Purchase secure access control and monitoring software: Access management software can eliminate the need to sift through and undertake a deep dive into large employee and service accounts when anything goes wrong. Robust software can assist an organisation in implementing role-based access control and auditing who accessed what and when regularly.

Implement zero-trust network architecture: Network architecture based on zero trust is precisely what it sounds like. It means that no one in your organisation can be trusted, and no one can join your network without your permission. Furthermore, that person has access to only what they require at any given time.

Invest in third-party cybersecurity: Norsk Hydro, a supply chain and infrastructure company, has massive networks and collaborates with many third parties. They aren’t the only ones, though. If a company collaborates with others, it must safeguard itself and itself. If one of those third parties becomes affected, the infection could spread to their customers’ networks.

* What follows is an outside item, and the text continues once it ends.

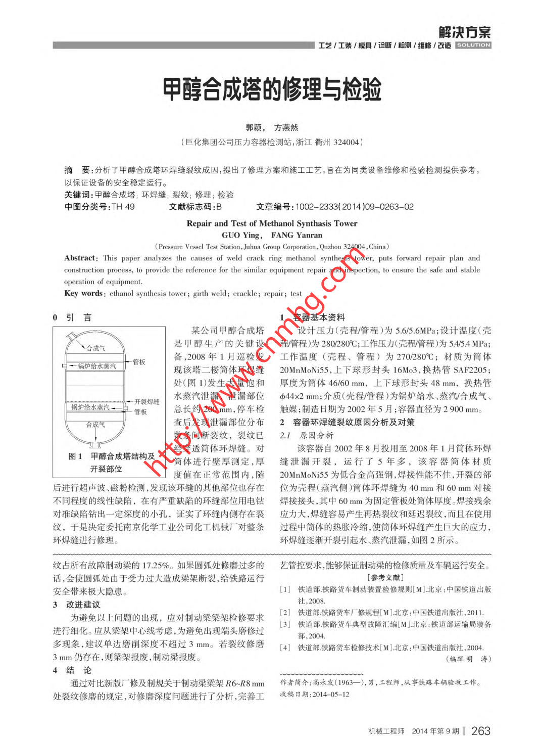 解決方案工藝/工裝/模具/診斷/檢測(cè)1維修/改造SOLUTION甲醇合成塔的修理與檢驗(yàn)郭穎,方燕然(巨化集團(tuán)公司壓力容器檢測(cè)站,浙江衢州324004)摘要:分析了甲醇合成塔環(huán)焊縫裂紋成因,提出了修理方案和施工工藝,旨在為同類設(shè)備維修和檢驗(yàn)檢測(cè)提供參考,以保證設(shè)備的安全穩(wěn)定運(yùn)行。關(guān)鍵詞:甲醇合成塔;環(huán)焊縫;裂紋;修理;檢驗(yàn)中圖分類號(hào):TH 49文獻(xiàn)標(biāo)志碼:B文章編號(hào): 1002- -2333( 2014 )09- -0263 -02Repair and Test of Methanol Synthasis Tower(Pressure Vessel Test Station,Juhua Group Corporation , Quzhou 324004 ,China)Abstract: This paper analyzes the causes of weld crack ring methanol synthesis tower, puts forward repair plan andconstruction process, to provide the reference for the similar equipment repair and inspection, to ensure the safe and stableoperation of equipment.Key words: ethanol synthesis tower; gith weld; crackle; repair; test0引言1容器基本資料某公司甲醇合成塔設(shè)計(jì)壓力(殼程/管程)為5.6/5.6MPa;設(shè)計(jì)溫度(殼、合成是甲醇生產(chǎn)的關(guān)鍵設(shè)程管程)為280/280C;工作壓力(殼程管程)為5.4/5.4 MPa;中一鍋爐給水蒸汽-管板備,2008年1月巡檢發(fā)工作溫度(殼程、管程)為270/280C;材質(zhì)為簡(jiǎn)體現(xiàn)該塔二樓簡(jiǎn)體環(huán)焊縫20MnMoNi55,上下球形封頭16Mo3,換熱管SAF2205;處(圖1)發(fā)生大量飽和厚度為簡(jiǎn)體46/60 mm,上下球形封頭48 mm,換熱管水蒸汽泄漏,泄漏部位φ44x2 mm;介質(zhì)(殼程/管程)為鍋爐給水、蒸汽/合成氣、鍋爐給水蒸汽.- 開裂焊縫總長(zhǎng)約200mm,停車檢觸媒;制造日期為2002年5月;容器直徑為2900mm。- 管板合成氣查后發(fā)現(xiàn)泄漏部位分布2 容器環(huán)焊縫裂紋原因分析及對(duì)策數(shù)條間斷裂紋,裂紋已2.1 原因分析經(jīng)穿透筒體環(huán)焊縫。對(duì)該容器自2002年8月投用至2008年1月簡(jiǎn)體環(huán)焊圖1甲醇合 成塔結(jié)構(gòu)及筒體進(jìn)行壁厚測(cè)定,厚縫泄漏開裂,運(yùn)行了5年多,該容器簡(jiǎn)體材質(zhì)開裂部位度值在正常范圍內(nèi),隨20MnMoNi55為低合金高強(qiáng)鋼,焊接性能不佳,開裂的部后進(jìn)行超聲波、磁粉檢測(cè),發(fā)現(xiàn)該環(huán)縫的其他部位也存在位為殼程(蒸汽側(cè))簡(jiǎn)體環(huán)焊縫為40mm和60mm對(duì)接不同程度的線性缺陷,在有嚴(yán)重缺陷的環(huán)縫部位用電鉆焊接接頭,其中60 mm為固定管板處簡(jiǎn)體厚度。焊接殘余對(duì)準(zhǔn)缺陷鉆出- -定 深度的小孔,證實(shí)了環(huán)縫內(nèi)側(cè)存在裂應(yīng)力大,焊縫容易產(chǎn)生再熱裂紋和延遲裂紋,而且在使用紋,于是決定委托南京化學(xué)IT業(yè)公司化工機(jī)械廠對(duì)整條過程中簡(jiǎn)體的熱脹冷縮,使簡(jiǎn)體環(huán)焊縫產(chǎn)生巨大的應(yīng)力,環(huán)焊縫進(jìn)行修理。環(huán)焊縫逐漸開裂引起水、蒸汽泄漏,如圖2所示。紋占所有故障制動(dòng)梁的17.25%。如果圓弧處修磨過多的藝管控要求,能夠保證制動(dòng)梁的檢修質(zhì)量及車輛運(yùn)行安全。話,會(huì)使圓弧處由于受力過大造成梁架斷裂,給鐵路運(yùn)行[參考文獻(xiàn)]安全帶來極大隱患。[1]鐵道部.鐵路貨車制動(dòng)裝置檢修規(guī)則[M].北京:中國(guó)鐵道出版社,2008.3改進(jìn)建議為避免以上問題的出現(xiàn),應(yīng)對(duì)制動(dòng)梁梁架檢修要求2]鐵道 部.鐵路貨車廠修規(guī)程[ M ].北京:中國(guó)鐵道出版社, 2011.進(jìn)行細(xì)化。應(yīng)從梁架中心線考慮,為避免出現(xiàn)端頭磨修過3] 鐵道部.鐵路貨車典型故障匯編[M].北京:鐵道部運(yùn)輸局裝備部,2004.多現(xiàn)象,建議單邊磨削深度不超過3mm。若裂紋修磨[4] 鐵道部 鐵路貨車檢修技術(shù)[M]北京:中國(guó)鐵道出版,2004.3mm仍存在,則梁架報(bào)廢,制動(dòng)梁報(bào)廢。(編輯明濤)4結(jié)論通過對(duì)比新版廠修及制規(guī)關(guān)于制動(dòng)梁梁架R6~R8mm作者 簡(jiǎn)介:高永發(fā)(1963- -),男,工程師,從事鐵路車輛驗(yàn)收工作。處裂紋修磨的規(guī)定,對(duì)修磨深度問題進(jìn)行了分析,完善工收稿日期:2014-05-12機(jī)械工程師2014年第9期 I 263.

The risk of a data breach rises as firms collect more and more data. In a data breach, businesses should have a plan in place to respond promptly and minimise the damage. After a data breach, communication is crucial to preserving a company’s reputation. Be the first to notify your customers if their personal information has been compromised. Be open, compassionate, and show that you’re doing everything you can to prevent future data breaches.